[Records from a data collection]
---------------
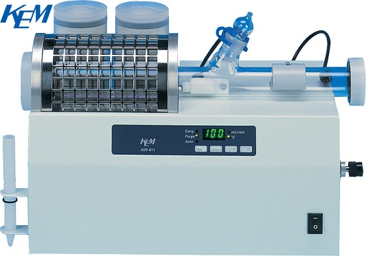 日本京都电子KEM推出的MKC-710S库仑法卡尔·费休水分测定仪与ADP-611水分蒸发器联用,用于测定塑料、橡胶等样品的水分含量,符合ASTM D6869、ASTM D5460、ISO 15512、ISO 12492、GB/T 45128、GB/T 37191、SH/T 1770多项标准方法。样品经称量后置于ADP-611加热炉中,水分在高温下蒸发并由干燥氮气载入滴定池,由MKC-710S以库仑法精确测定水分。
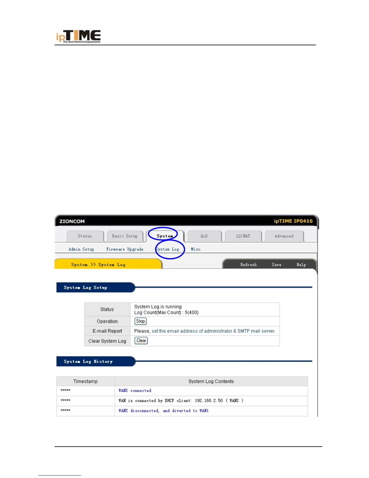 ipTime IP0416 - System Log Management
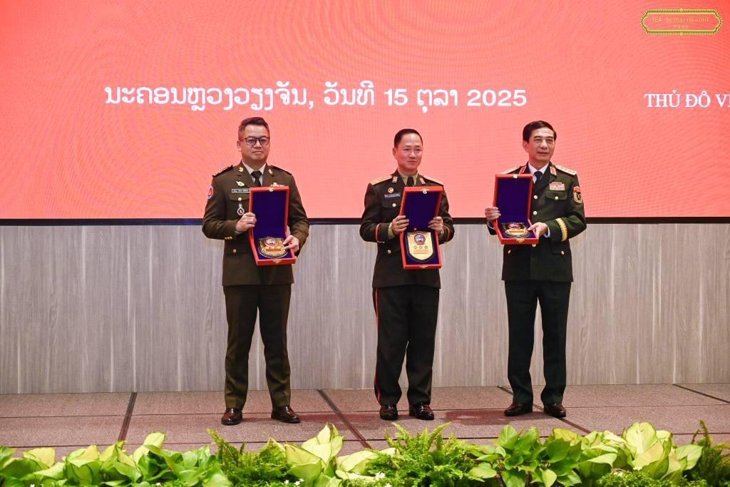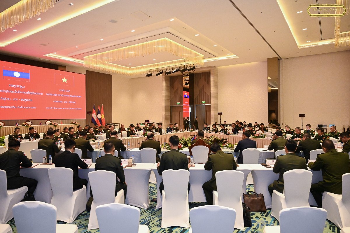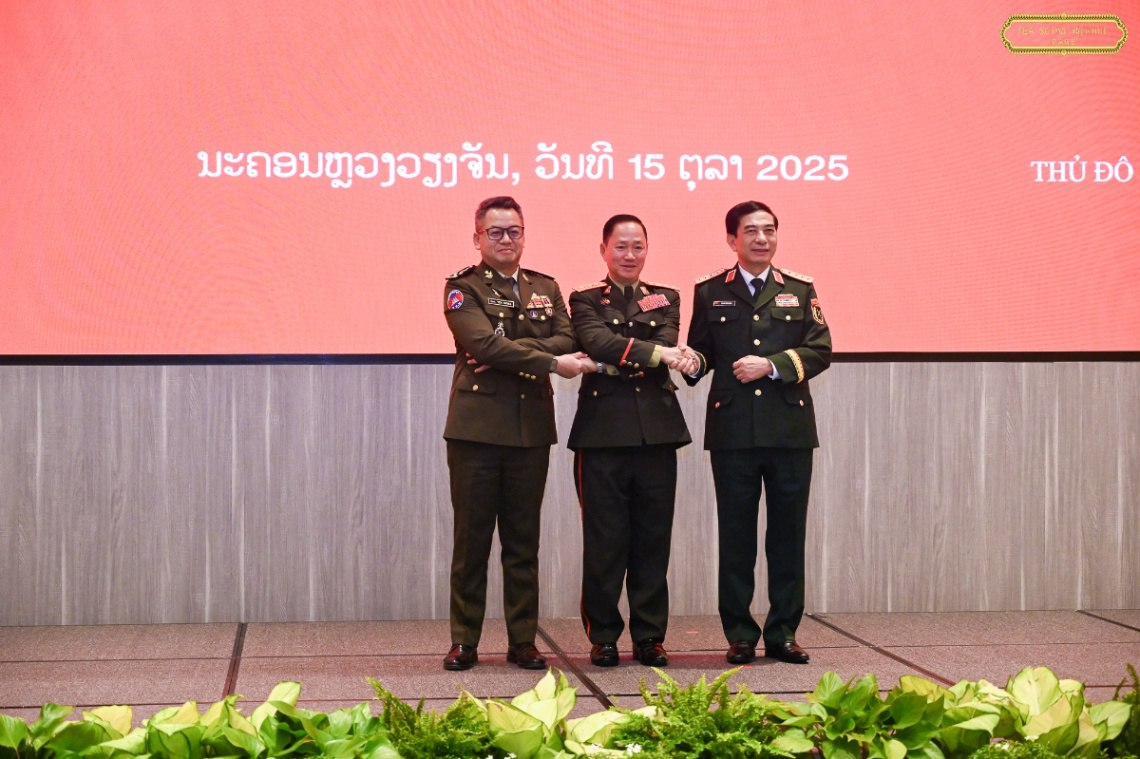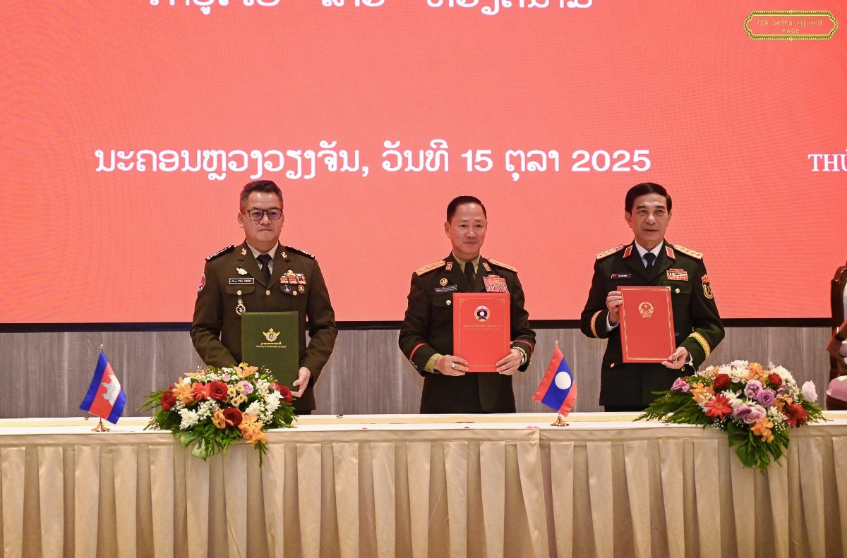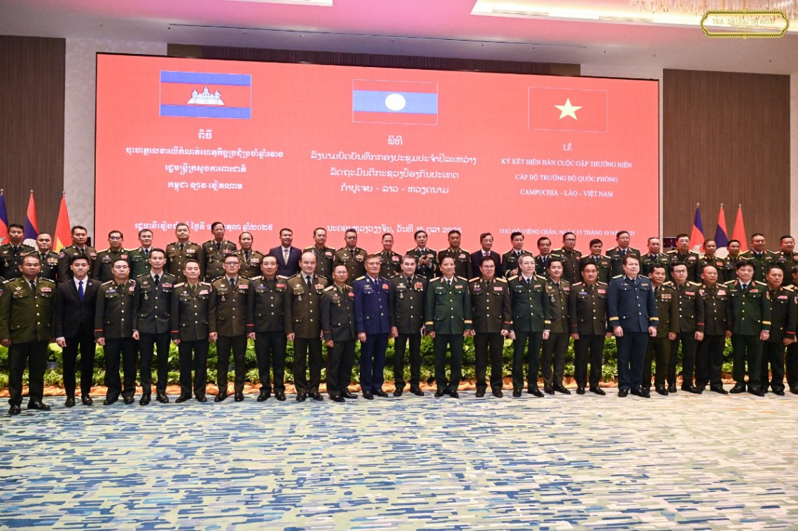នាថ្ងៃទី១៥ ខែតុលា ឆ្នាំ២០២៥ នេះ ឯកឧត្តម នាយឧត្តមសេនីយ៍ ទៀ សីហា ឧបនាយករដ្ឋមន្ត្រី រដ្ឋមន្ត្រីក្រសួងការពារជាតិ បានចូលរួមជំនួបប្រាស្រ័យមិត្តភាពការពារជាតិថ្នាក់រដ្ឋមន្ត្រីក្រសួងការពារជាតិ និងពិធីចុះហត្ថលេខាលើកំណត់ហេតុកិច្ចប្រជុំប្រចាំឆ្នាំរវាង រដ្ឋមន្ត្រីក្រសួងការពារជាតិ កម្ពុជា-ឡាវ-វៀតណាម ប្រចាំឆ្នាំ២០២៥ ដែលធ្វើឡើងនៅរដ្ឋធានីវៀងចន្ទន៍ សាធារណរដ្ឋប្រជាធិបតេយ្យប្រជាមានិតឡាវ។
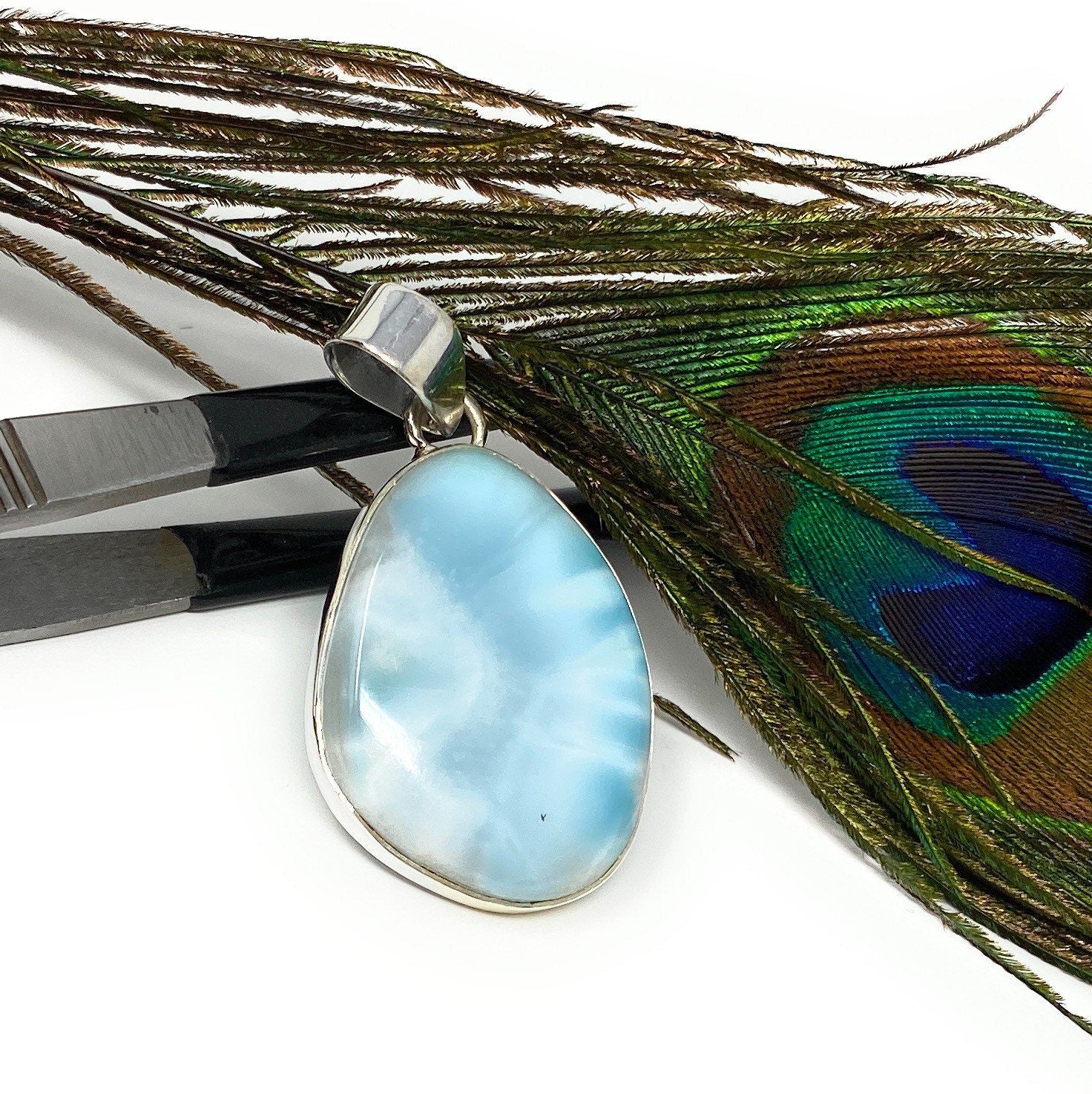 Larimar Pendant, Gemstone Pendant, Bohemian Jewelry, Sterling Silver Pendant, Natural Gemstone Pendant, 43.5 x 23.15mm
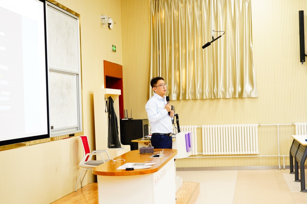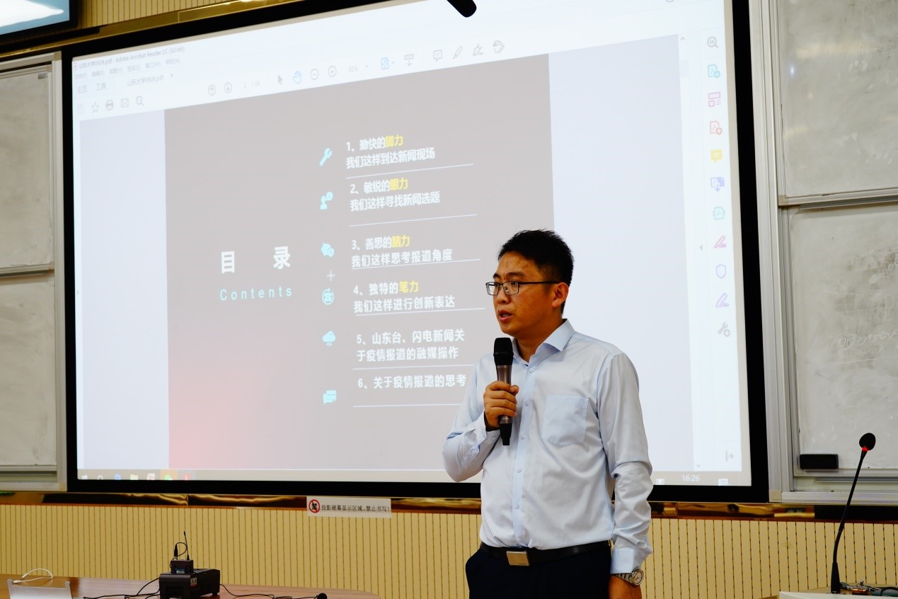 第二部分,孔冠军与同学们分享了作为记者在一线的采访故事。做好新闻,需要勤快的脚力,以到达新闻现场;需要敏锐的眼力,以寻找新闻选题;需要善思的脑力,以思考报道角度;需要独特的笔力,以进行创新表达。面对来势汹汹的新冠肺炎疫情,迎难而上,冲锋在前,敢于直面疫情的危险。2020年大年初一,孔冠军跟着山东第一批援助湖北医疗队到达了湖北黄冈,从济南出发,经武汉至黄冈,在湖北的黄冈市工作了57天。他说:“这是一场没有硝烟的战争,我们新闻记者有义务有责任也要冲到一线,帮助武汉渡过难关,为武汉加油。”在疫情防控的主战场上,他做了许多人物报道,践行了一名新闻记者的责任、使命和担当,用自己的力量发现更好的故事,更好地讲好抗疫故事。孔冠军通过播放视频,将一些具体过程展现给同学们。
---------------
#### [PROBLEM TO WORK ON]
Give again, word for word, every line from the top of the data through the line with "ipTime IP0416 - System Log Management", both ends included, and exclude the pictures.

#### [SOLUTION]
 日本京都电子KEM推出的MKC-710S库仑法卡尔·费休水分测定仪与ADP-611水分蒸发器联用,用于测定塑料、橡胶等样品的水分含量,符合ASTM D6869、ASTM D5460、ISO 15512、ISO 12492、GB/T 45128、GB/T 37191、SH/T 1770多项标准方法。样品经称量后置于ADP-611加热炉中,水分在高温下蒸发并由干燥氮气载入滴定池,由MKC-710S以库仑法精确测定水分。
 ipTime IP0416 - System Log Management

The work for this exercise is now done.